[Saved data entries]
* * *
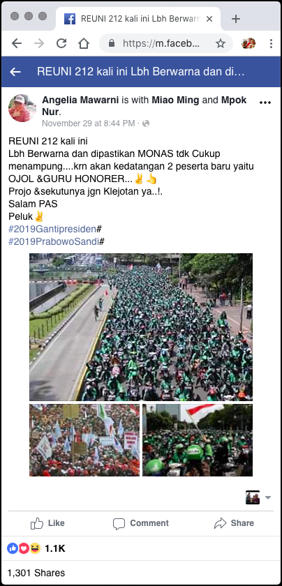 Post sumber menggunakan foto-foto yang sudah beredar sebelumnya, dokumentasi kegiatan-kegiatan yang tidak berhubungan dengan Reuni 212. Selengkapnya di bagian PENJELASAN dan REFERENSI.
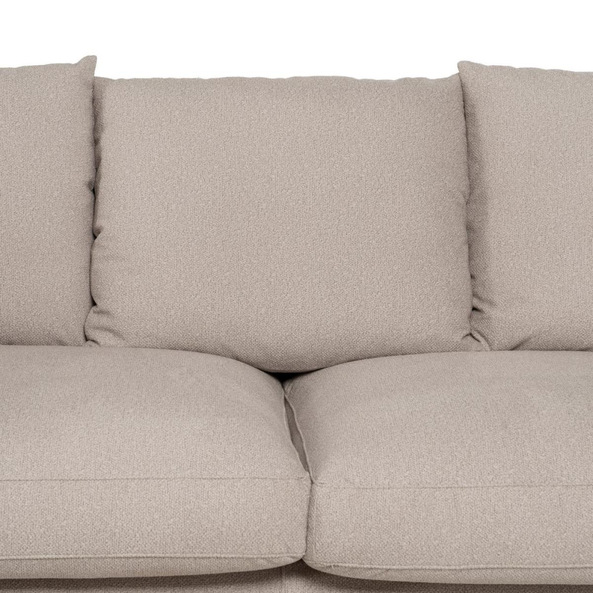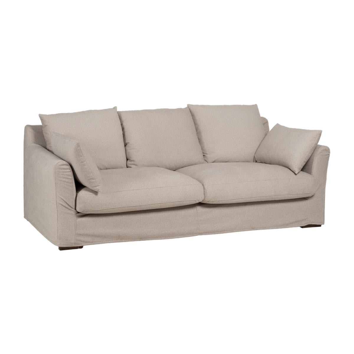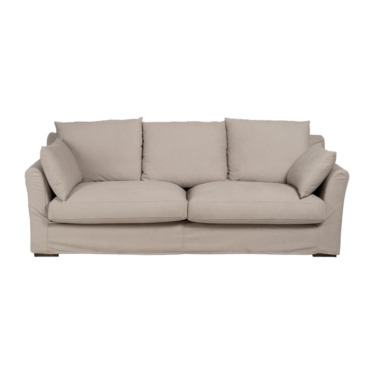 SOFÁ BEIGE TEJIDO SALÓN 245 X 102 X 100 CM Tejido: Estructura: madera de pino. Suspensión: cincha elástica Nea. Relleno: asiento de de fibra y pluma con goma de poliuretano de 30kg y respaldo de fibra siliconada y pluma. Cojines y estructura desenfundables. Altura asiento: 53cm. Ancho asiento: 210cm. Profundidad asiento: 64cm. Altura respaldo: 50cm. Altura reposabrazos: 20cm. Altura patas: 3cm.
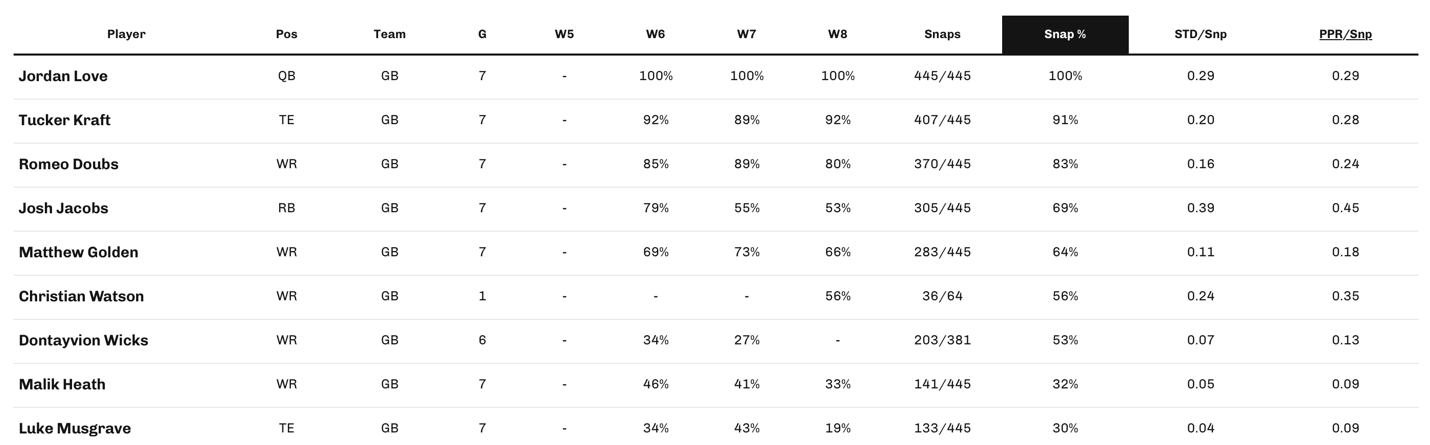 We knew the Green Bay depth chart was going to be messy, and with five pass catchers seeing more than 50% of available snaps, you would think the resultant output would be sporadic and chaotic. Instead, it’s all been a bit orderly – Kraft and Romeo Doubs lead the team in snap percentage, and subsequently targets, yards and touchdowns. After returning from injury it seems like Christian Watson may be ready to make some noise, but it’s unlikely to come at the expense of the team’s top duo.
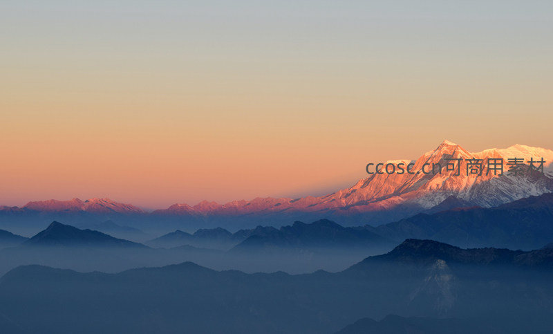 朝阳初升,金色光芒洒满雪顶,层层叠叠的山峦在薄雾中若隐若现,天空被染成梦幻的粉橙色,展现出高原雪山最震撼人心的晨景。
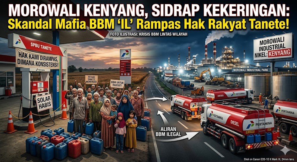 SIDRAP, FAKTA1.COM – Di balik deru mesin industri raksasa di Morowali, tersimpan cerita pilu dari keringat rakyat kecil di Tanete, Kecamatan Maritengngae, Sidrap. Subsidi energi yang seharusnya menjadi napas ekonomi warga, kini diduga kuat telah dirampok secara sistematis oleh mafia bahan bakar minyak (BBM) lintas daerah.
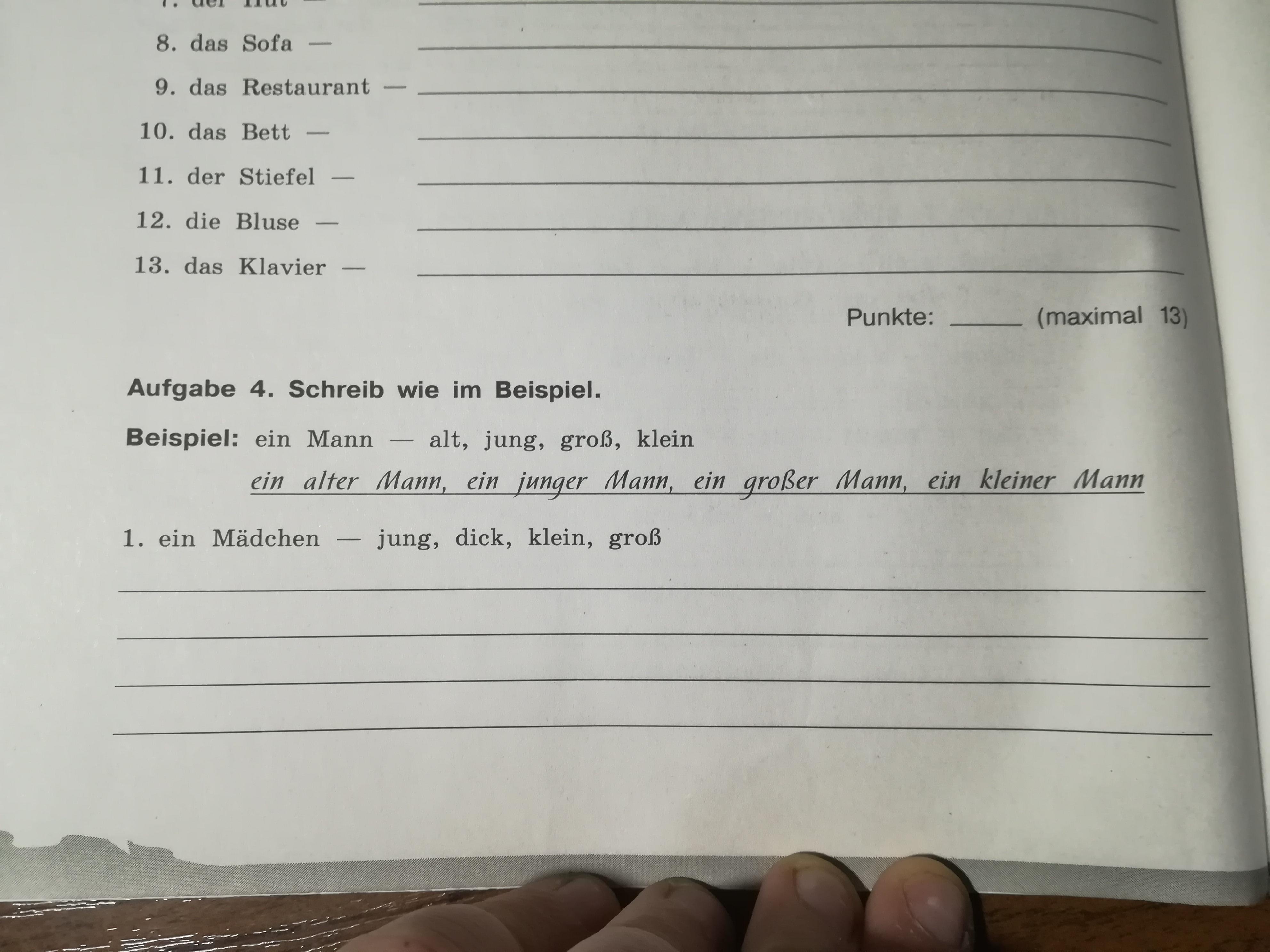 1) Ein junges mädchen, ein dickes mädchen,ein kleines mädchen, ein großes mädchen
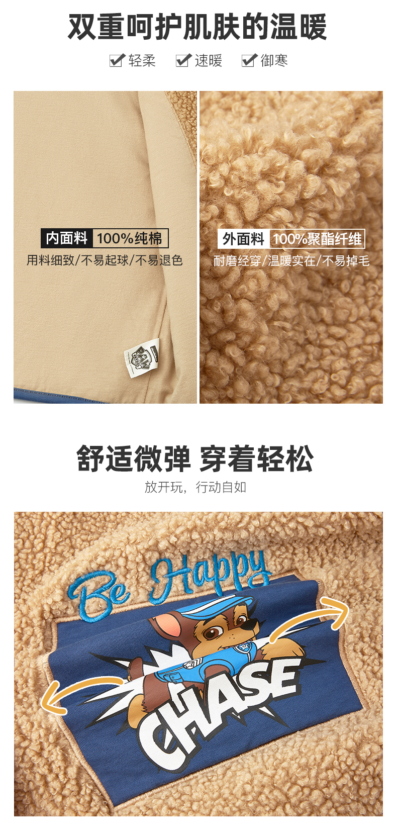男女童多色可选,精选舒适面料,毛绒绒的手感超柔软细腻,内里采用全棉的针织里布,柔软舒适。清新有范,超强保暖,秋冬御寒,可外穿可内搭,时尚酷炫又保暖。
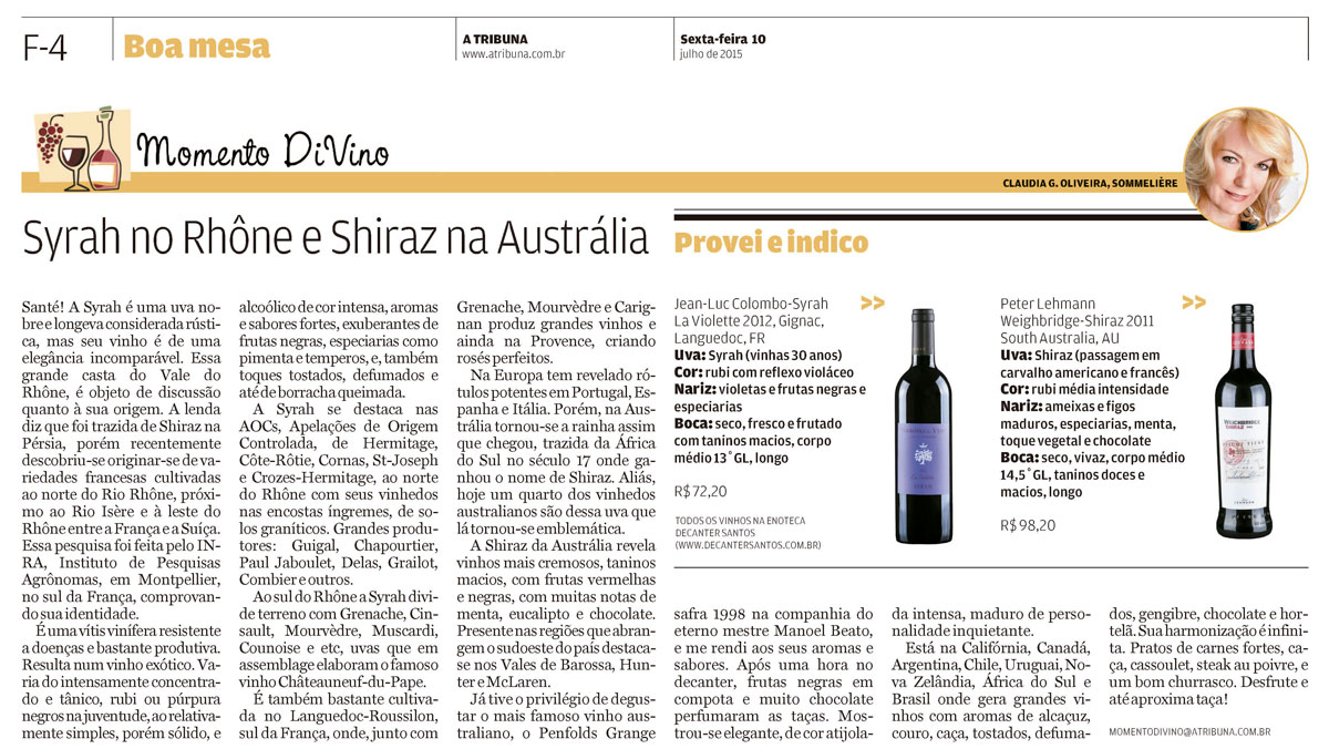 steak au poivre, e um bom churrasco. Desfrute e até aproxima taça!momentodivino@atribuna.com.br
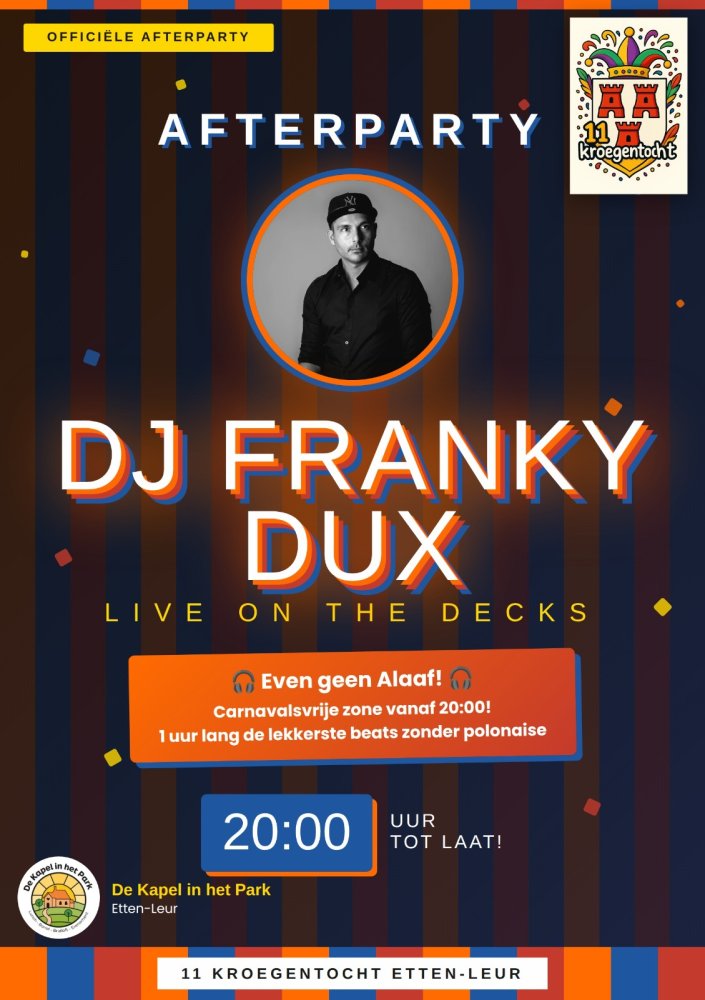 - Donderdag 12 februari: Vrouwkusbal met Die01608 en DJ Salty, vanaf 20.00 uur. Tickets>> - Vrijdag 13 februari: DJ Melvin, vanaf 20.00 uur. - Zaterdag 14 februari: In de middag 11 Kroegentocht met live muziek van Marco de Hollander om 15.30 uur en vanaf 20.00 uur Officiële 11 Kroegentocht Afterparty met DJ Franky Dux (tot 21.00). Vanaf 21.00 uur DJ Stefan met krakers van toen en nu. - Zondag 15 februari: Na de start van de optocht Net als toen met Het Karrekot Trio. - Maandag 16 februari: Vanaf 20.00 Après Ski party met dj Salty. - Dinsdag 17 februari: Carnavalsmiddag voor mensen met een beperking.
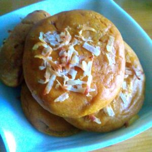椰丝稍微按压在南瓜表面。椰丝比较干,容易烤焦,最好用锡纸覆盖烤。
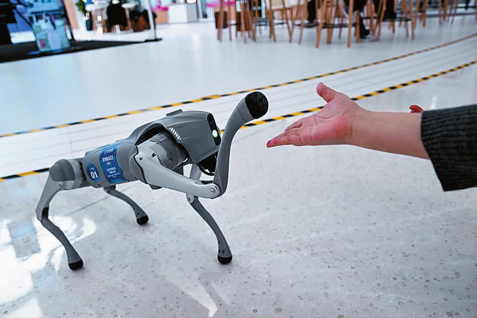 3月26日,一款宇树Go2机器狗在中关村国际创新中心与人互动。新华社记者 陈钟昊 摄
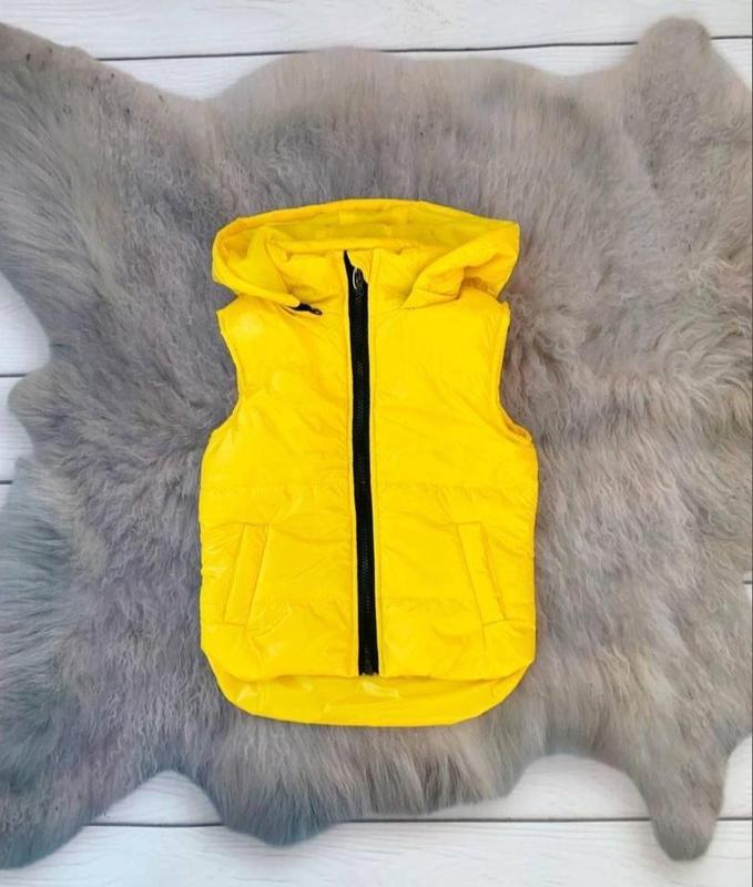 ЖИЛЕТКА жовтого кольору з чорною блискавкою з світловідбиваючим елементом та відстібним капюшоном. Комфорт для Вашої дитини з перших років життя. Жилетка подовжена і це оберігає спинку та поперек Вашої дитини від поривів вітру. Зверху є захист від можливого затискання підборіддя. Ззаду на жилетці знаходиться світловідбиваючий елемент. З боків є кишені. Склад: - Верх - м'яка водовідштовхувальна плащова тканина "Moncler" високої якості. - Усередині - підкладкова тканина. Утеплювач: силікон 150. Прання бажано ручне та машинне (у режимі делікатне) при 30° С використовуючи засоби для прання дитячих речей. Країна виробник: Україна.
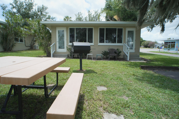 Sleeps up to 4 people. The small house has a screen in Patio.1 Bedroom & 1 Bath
* * *
_Task_: The result should be the full set of entries above, restated exactly and without images.

_Answer area_:
 Post sumber menggunakan foto-foto yang sudah beredar sebelumnya, dokumentasi kegiatan-kegiatan yang tidak berhubungan dengan Reuni 212. Selengkapnya di bagian PENJELASAN dan REFERENSI.
 SOFÁ BEIGE TEJIDO SALÓN 245 X 102 X 100 CM Tejido: Estructura: madera de pino. Suspensión: cincha elástica Nea. Relleno: asiento de de fibra y pluma con goma de poliuretano de 30kg y respaldo de fibra siliconada y pluma. Cojines y estructura desenfundables. Altura asiento: 53cm. Ancho asiento: 210cm. Profundidad asiento: 64cm. Altura respaldo: 50cm. Altura reposabrazos: 20cm. Altura patas: 3cm.
 We knew the Green Bay depth chart was going to be messy, and with five pass catchers seeing more than 50% of available snaps, you would think the resultant output would be sporadic and chaotic. Instead, it’s all been a bit orderly – Kraft and Romeo Doubs lead the team in snap percentage, and subsequently targets, yards and touchdowns. After returning from injury it seems like Christian Watson may be ready to make some noise, but it’s unlikely to come at the expense of the team’s top duo.
 朝阳初升,金色光芒洒满雪顶,层层叠叠的山峦在薄雾中若隐若现,天空被染成梦幻的粉橙色,展现出高原雪山最震撼人心的晨景。
 SIDRAP, FAKTA1.COM – Di balik deru mesin industri raksasa di Morowali, tersimpan cerita pilu dari keringat rakyat kecil di Tanete, Kecamatan Maritengngae, Sidrap. Subsidi energi yang seharusnya menjadi napas ekonomi warga, kini diduga kuat telah dirampok secara sistematis oleh mafia bahan bakar minyak (BBM) lintas daerah.
 1) Ein junges mädchen, ein dickes mädchen,ein kleines mädchen, ein großes mädchen
男女童多色可选,精选舒适面料,毛绒绒的手感超柔软细腻,内里采用全棉的针织里布,柔软舒适。清新有范,超强保暖,秋冬御寒,可外穿可内搭,时尚酷炫又保暖。
 steak au poivre, e um bom churrasco. Desfrute e até aproxima taça!momentodivino@atribuna.com.br
 - Donderdag 12 februari: Vrouwkusbal met Die01608 en DJ Salty, vanaf 20.00 uur. Tickets>> - Vrijdag 13 februari: DJ Melvin, vanaf 20.00 uur. - Zaterdag 14 februari: In de middag 11 Kroegentocht met live muziek van Marco de Hollander om 15.30 uur en vanaf 20.00 uur Officiële 11 Kroegentocht Afterparty met DJ Franky Dux (tot 21.00). Vanaf 21.00 uur DJ Stefan met krakers van toen en nu. - Zondag 15 februari: Na de start van de optocht Net als toen met Het Karrekot Trio. - Maandag 16 februari: Vanaf 20.00 Après Ski party met dj Salty. - Dinsdag 17 februari: Carnavalsmiddag voor mensen met een beperking.
椰丝稍微按压在南瓜表面。椰丝比较干,容易烤焦,最好用锡纸覆盖烤。
 3月26日,一款宇树Go2机器狗在中关村国际创新中心与人互动。新华社记者 陈钟昊 摄
 ЖИЛЕТКА жовтого кольору з чорною блискавкою з світловідбиваючим елементом та відстібним капюшоном. Комфорт для Вашої дитини з перших років життя. Жилетка подовжена і це оберігає спинку та поперек Вашої дитини від поривів вітру. Зверху є захист від можливого затискання підборіддя. Ззаду на жилетці знаходиться світловідбиваючий елемент. З боків є кишені. Склад: - Верх - м'яка водовідштовхувальна плащова тканина "Moncler" високої якості. - Усередині - підкладкова тканина. Утеплювач: силікон 150. Прання бажано ручне та машинне (у режимі делікатне) при 30° С використовуючи засоби для прання дитячих речей. Країна виробник: Україна.
 Sleeps up to 4 people. The small house has a screen in Patio.1 Bedroom & 1 Bath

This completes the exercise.